File ~/opt/anaconda3/envs/stata-env/lib/python3.9/site-packages/bipartitepandas/bipartitelong.py:129, in BipartiteLong.clean(self, params)
    126     params['connectedness'] = None
    128 ## Initial cleaning ##
--> 129 frame = super().clean(params)
    131 if collapse:
    132     ## Collapse then compute largest connected set ##
    133     # Update parameters
    134     level_dict = {
    135         'leave_out_spell': 'spell',
    136         'leave_out_match': 'match'
    137     }

File ~/opt/anaconda3/envs/stata-env/lib/python3.9/site-packages/bipartitepandas/bipartitelongbase.py:104, in BipartiteLongBase.clean(self, params)
    102 if verbose:
    103     tqdm.write('checking required columns and datatypes')
--> 104 frame._check_cols()
    106 # Next, sort rows
    107 self.log('sorting rows', level='info')

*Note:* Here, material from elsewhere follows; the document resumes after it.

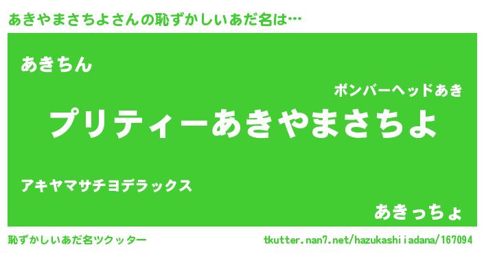 | ヘコむあだ名 | 『あきにゅー』『あきやまさちよ(小並感)』 |

File ~/opt/anaconda3/envs/stata-env/lib/python3.9/site-packages/bipartitepandas/bipartitebase.py:1196, in BipartiteBase._check_cols(self)
   1194 error_msg = f"{col} is included in the dataframe but is not saved in .col_reference_dict. Please initialize your BipartiteBase object to include this column by setting 'col_reference_dict=your_col_reference_dict'."
   1195 self.log(error_msg, level='info')
-> 1196 raise ValueError(error_msg)

ValueError: alpha is included in the dataframe but is not saved in .col_reference_dict. Please initialize your BipartiteBase object to include this column by setting 'col_reference_dict=your_col_reference_dict'.